So far, the Bt protein in all commercially used Bt insect-resistant crops in the world has accumulated in the cytoplasm. However, studies in recent years have shown that the accumulation of exogenous anti-insect proteins in the cytoplasm may have undesirable effects. For example, the exogenous insect-resistant protein Cry1Ab/c expressed by Huahui No. 1 of transgenic rice in mainland China that has obtained a safety certificate interacts with the endogenous protein Hd3a (Front Bioeng Biotechnol, 2020, 8: 685; Front Plant Sci, 2021, 12: 608721; Front Bioeng Biotechnol, 2021, 9: 759016), which led to undesirable effects on the transformant, which seriously affected the breeding application prospect of the transformant. Recently, Dr. Hua Li from Xiao Guoying's research team from the Institute of Subtropical Agroecology, Chinese Academy of Sciences published articles in the journals Plant Cell, Tissue and Organ Culture and Pest Management Science, respectively, reporting that the new technology of accumulating insect-resistant proteins in the cell wall completely solves the problem of undesirable effects caused by high expression of insect-resistant proteins, which may bring revolutionary changes to the breeding of transgenic insect-resistant crops!

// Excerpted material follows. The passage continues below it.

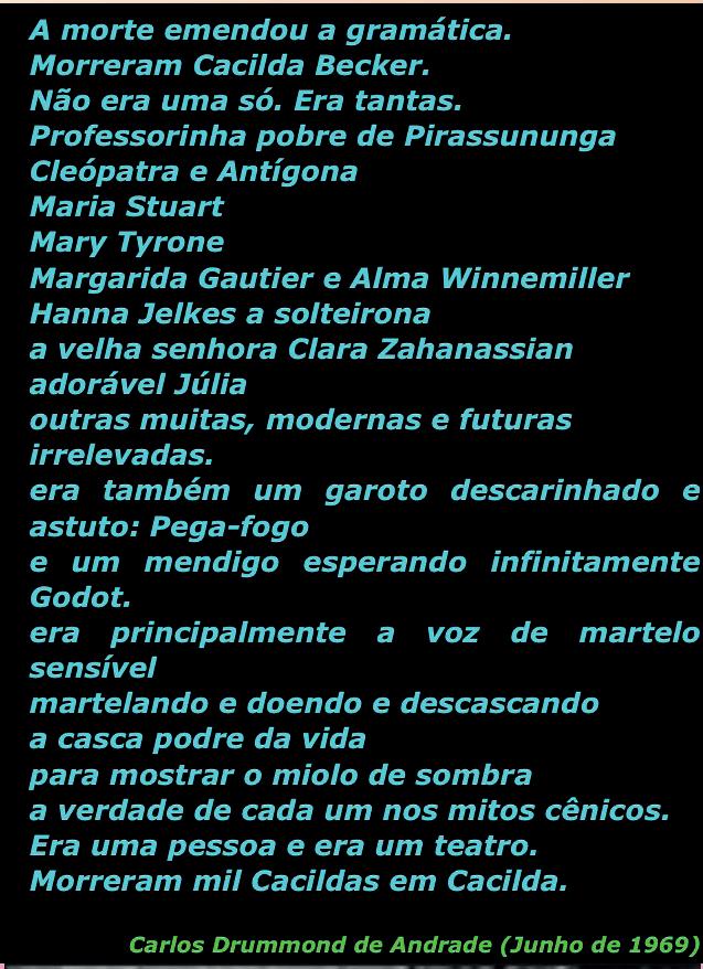 Cacilda Becker (1921-1969) foi atriz brasileira. Considerada uma das personalidades mais importantes da classe teatral brasileira e líder da categoria na primeira fase do Regime Militar de 1964.

In fact, Xiao Guoying's research team at the Institute of Subtropical Agroecology of the Chinese Academy of Sciences has long noticed that the high expression of insect-resistant proteins in cells may have a negative effect. Cry1C, a Bt insect resistant protein, has the advantages of wide insecticidal spectrum and low semi-lethal dose, and its application prospect is very attractive (Plant Science, 2009, 176: 315-324). More than 10 years ago, they began to develop insect-resistant rice transgenic with Cry1Ca gene, and the expression level of Cry1Ca protein in the leaves of the rice transformant B1C893-6 was as high as 35.07 μg/g, showing good insect resistance. However, the undesirable effects caused by the high expression of exogenous genes were also obvious, which were manifested in shorter plant height, shorter spike length, lower number of grains, lower seed setting rate, and longer growth period (Hybrid Rice, 2014, 29: 67-71). The accumulation of Cry1Ca protein in the leaves of transgenic rice B1C106-3 (Journal of Integrative Agriculture, 2018, 17(3): 493-506) was 11.30 μg/g, which also produced the undesirable effects of decreasing the number of grains, decreasing seed setting rate and decreasing yield. In addition, the content of Cry1Ca protein in the leaves of E1C608-3 (Chinese Journal of Biotechnology, 2019, 39(11): 31-38) was 8.72 μ/g, which also showed undesirable effects such as shorter plant height, shorter panicle, decreased total grain number per panicle and decreased seed setting rate. Only when the average content of Cry1Ca protein in leaves was as low as 1.59 μg/g, no significant undesirable effects were detected in rice transformant E1C4008S-4 (Rice Science, 2020, 7(3): 215-226). If the phenomenon of undesirable effects produced by high expression of Bt protein is widespread, this will lead to large undesired effects of transformants with high expression of insect resistant proteins, low expression of insect resistant proteins of transformants with small undesired effects, and insect resistance and other agronomic traits cannot be taken into account. In addition, if transformants with high insect protein expression are not used in production, it will seriously hinder the implementation of high-dose/shelter strategies for insect-resistant crops, which may lead to the rapid evolution of resistance to insect proteins in target pests, which will greatly shorten the economic lifespan of Bt insect-resistant crops.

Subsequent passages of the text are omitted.